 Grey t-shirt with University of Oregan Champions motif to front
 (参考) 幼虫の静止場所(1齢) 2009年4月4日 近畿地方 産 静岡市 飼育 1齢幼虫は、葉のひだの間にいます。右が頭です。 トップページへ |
####################
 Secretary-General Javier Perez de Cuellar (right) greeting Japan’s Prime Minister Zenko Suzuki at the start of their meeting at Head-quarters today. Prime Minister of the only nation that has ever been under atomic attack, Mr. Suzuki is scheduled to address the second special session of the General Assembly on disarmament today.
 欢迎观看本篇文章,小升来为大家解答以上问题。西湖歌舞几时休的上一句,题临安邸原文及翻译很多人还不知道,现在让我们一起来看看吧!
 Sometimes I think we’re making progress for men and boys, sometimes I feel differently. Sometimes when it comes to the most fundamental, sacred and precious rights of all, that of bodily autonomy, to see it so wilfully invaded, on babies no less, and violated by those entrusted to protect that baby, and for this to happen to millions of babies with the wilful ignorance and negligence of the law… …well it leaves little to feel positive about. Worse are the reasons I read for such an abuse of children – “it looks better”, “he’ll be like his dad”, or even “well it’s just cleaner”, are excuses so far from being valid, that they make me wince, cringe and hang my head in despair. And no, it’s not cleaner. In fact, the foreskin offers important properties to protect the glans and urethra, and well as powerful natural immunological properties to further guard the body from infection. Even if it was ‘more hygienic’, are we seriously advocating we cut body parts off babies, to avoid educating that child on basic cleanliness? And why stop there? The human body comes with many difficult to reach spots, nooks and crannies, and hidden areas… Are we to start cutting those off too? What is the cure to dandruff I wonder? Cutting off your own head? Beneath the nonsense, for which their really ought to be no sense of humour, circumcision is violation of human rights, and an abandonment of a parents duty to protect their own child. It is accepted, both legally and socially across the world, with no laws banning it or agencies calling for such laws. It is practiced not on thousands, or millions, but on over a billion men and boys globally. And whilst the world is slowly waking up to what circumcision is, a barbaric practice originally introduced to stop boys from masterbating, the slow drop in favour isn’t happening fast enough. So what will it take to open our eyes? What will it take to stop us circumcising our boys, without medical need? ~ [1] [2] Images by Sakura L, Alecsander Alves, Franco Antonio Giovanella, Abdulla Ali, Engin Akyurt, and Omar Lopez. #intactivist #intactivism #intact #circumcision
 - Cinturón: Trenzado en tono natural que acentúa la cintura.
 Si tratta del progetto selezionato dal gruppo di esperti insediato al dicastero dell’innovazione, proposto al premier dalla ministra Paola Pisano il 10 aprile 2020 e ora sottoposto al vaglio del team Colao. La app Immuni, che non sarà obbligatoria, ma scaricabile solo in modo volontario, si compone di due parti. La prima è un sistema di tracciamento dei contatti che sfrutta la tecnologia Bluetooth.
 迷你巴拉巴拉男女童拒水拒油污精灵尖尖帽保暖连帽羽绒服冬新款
####################
:: Task requirements ::
The required output is the stretch of entries above from the line containing "Secretary-General Javier Perez" through the line containing "欢迎观看本篇文章,小升来为大", reproduced exactly.

:: Output of the exercise ::
 Secretary-General Javier Perez de Cuellar (right) greeting Japan’s Prime Minister Zenko Suzuki at the start of their meeting at Head-quarters today. Prime Minister of the only nation that has ever been under atomic attack, Mr. Suzuki is scheduled to address the second special session of the General Assembly on disarmament today.
 欢迎观看本篇文章,小升来为大家解答以上问题。西湖歌舞几时休的上一句,题临安邸原文及翻译很多人还不知道,现在让我们一起来看看吧!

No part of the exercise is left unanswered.